Tergiur Magang Bergaji Tinggi, Perempuan Afrika Terjebak Kerja Paksa di Pabrik Drone Rusia

Kisah pilu dialami sejumlah perempuan muda asal Afrika yang tergiur program magang Alabuga Start di Rusia. Alih-alih mendapatkan pelatihan dan pengalaman kerja yang menjanjikan, mereka justru terjebak dalam kondisi kerja paksa di sebuah pabrik perakitan drone. Program yang awalnya menawarkan prospek karier cerah dengan iming-iming gaji tinggi, berubah menjadi mimpi buruk bagi para peserta.

Beberapa perempuan yang berhasil diwawancarai mengungkapkan kekecewaan dan keputusasaan mereka. Chinara, seorang perempuan muda asal Nigeria, menggambarkan bagaimana dirinya dan rekan-rekannya diperlakukan sebagai pekerja kasar dengan upah minim. Awalnya, mereka dijanjikan posisi di bidang logistik, pelayanan, katering, atau sebagai operator derek. Namun, setibanya di Rusia, mereka dipaksa bekerja di pabrik perakitan drone, mengawasi produksi, atau bahkan menjadi petugas kebersihan.

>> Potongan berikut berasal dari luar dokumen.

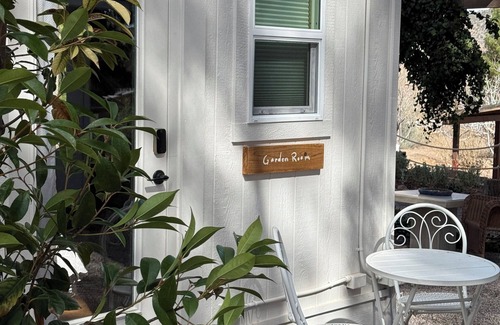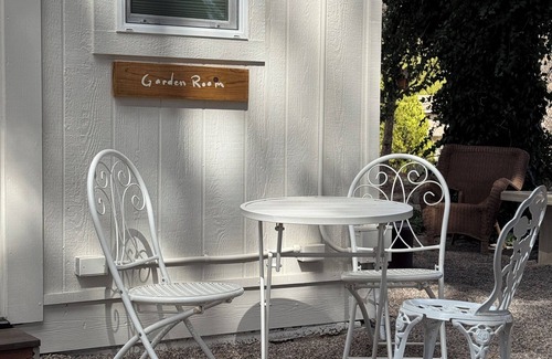 Facing east with views from the upper back garden, The Garden Room, is a private studio that is located off of the Sunshine House. Our garden room features a small kitchenette complete with a mini fridge, microwave, and coffee maker. The room is private, cozy, and has a small working space and bistro seating outside for dining.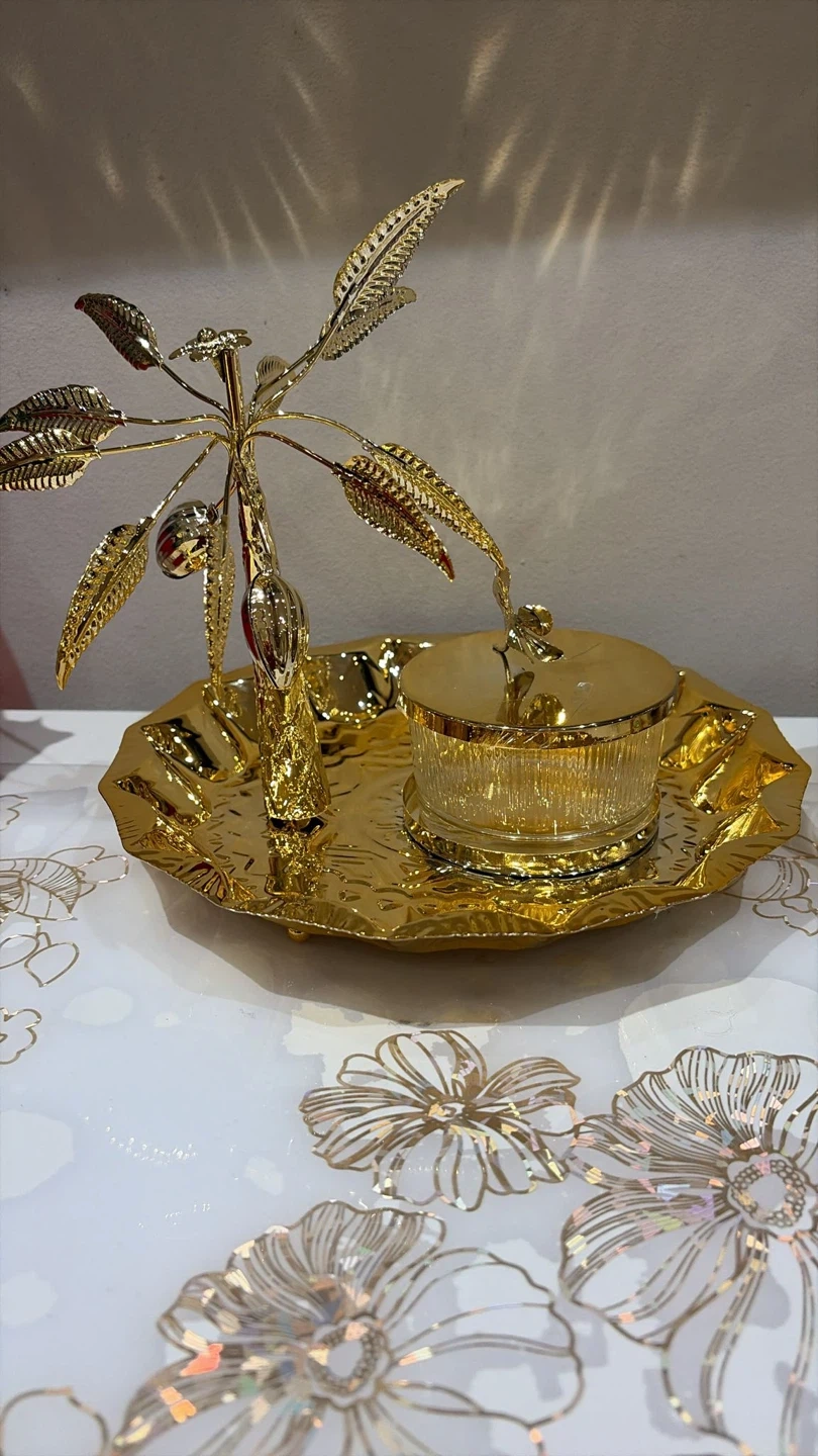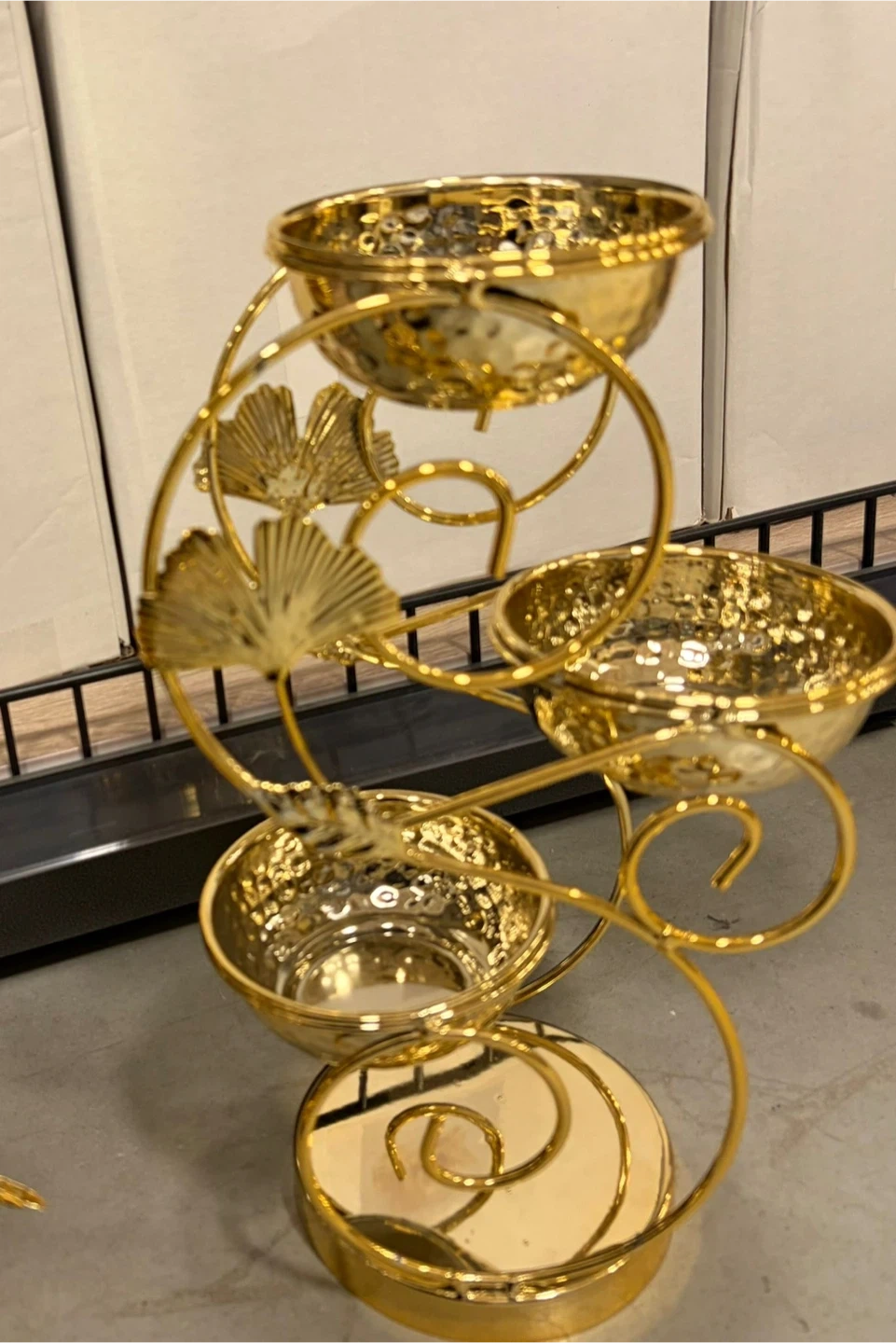 Gold Tiered Serving Tray with Decorative Ginkgo Leaves

Kondisi kerja di pabrik tersebut sangat berbahaya. Para perempuan muda ini terpapar bahan-bahan kimia yang mengancam kesehatan. Bahkan, menurut pengakuan Chinara, pekerja asal Rusia sendiri tidak betah bekerja di sana karena risiko yang terlalu tinggi. Pabrik tempat mereka bekerja merupakan bagian dari zona ekonomi khusus Alabuga, yang menjadi pusat produksi utama drone Geran-2, tiruan dari Shahed 136 buatan Iran. Drone-drone ini memainkan peran penting dalam serangan Rusia ke Ukraina.

Zona ekonomi Alabuga didirikan pada tahun 2006 dengan tujuan menarik investasi ke wilayah Tatarstan. Namun, sejak invasi Rusia ke Ukraina pada tahun 2022, fasilitas ini berkembang pesat dan sebagian dialihfungsikan menjadi produksi militer. Di tengah kelangkaan tenaga kerja di Rusia, perekrutan pekerja migran dari negara-negara berkembang semakin gencar dilakukan. Data menunjukkan peningkatan signifikan jumlah pekerja asal Afrika yang datang ke Rusia pada tahun 2024, terutama dari Kamerun, Nigeria, Burkina Faso, Togo, Republik Afrika Tengah, dan Gambia.

Studi yang dilakukan oleh Global Initiative against Transnational Organized Crime mengungkapkan bahwa program Alabuga Start menargetkan perempuan muda berusia 18 hingga 22 tahun dari negara-negara Afrika. Program ini kemudian diperluas ke negara-negara berkembang lainnya di Asia dan Amerika Latin. Julia Stanyard, salah seorang peneliti yang terlibat dalam studi tersebut, mengungkapkan bahwa anak perempuan berusia 16 tahun juga dipekerjakan di fasilitas pelatihan Politeknik Alabuga yang berada di lokasi produksi drone. Mereka dipaksa bekerja berjam-jam dengan bahan kimia berbahaya di bawah pengawasan ketat manajemen Alabuga.

Para orang tua di Zimbabwe mengungkapkan kekhawatiran mereka terhadap anak-anak mereka yang mendaftar secara online dan berangkat ke Rusia dengan biaya ditanggung oleh Alabuga. Mereka mengeluhkan kondisi kerja paksa yang dialami anak-anak mereka, pembatasan komunikasi, penyitaan paspor, dan upah yang tidak sesuai dengan janji. Beberapa negara, seperti Kenya, Uganda, dan Tanzania, mulai menyadari risiko program ini dan telah meluncurkan penyelidikan. Interpol juga turun tangan menyelidiki dugaan keterlibatan Alabuga Start dalam perdagangan manusia di Botswana.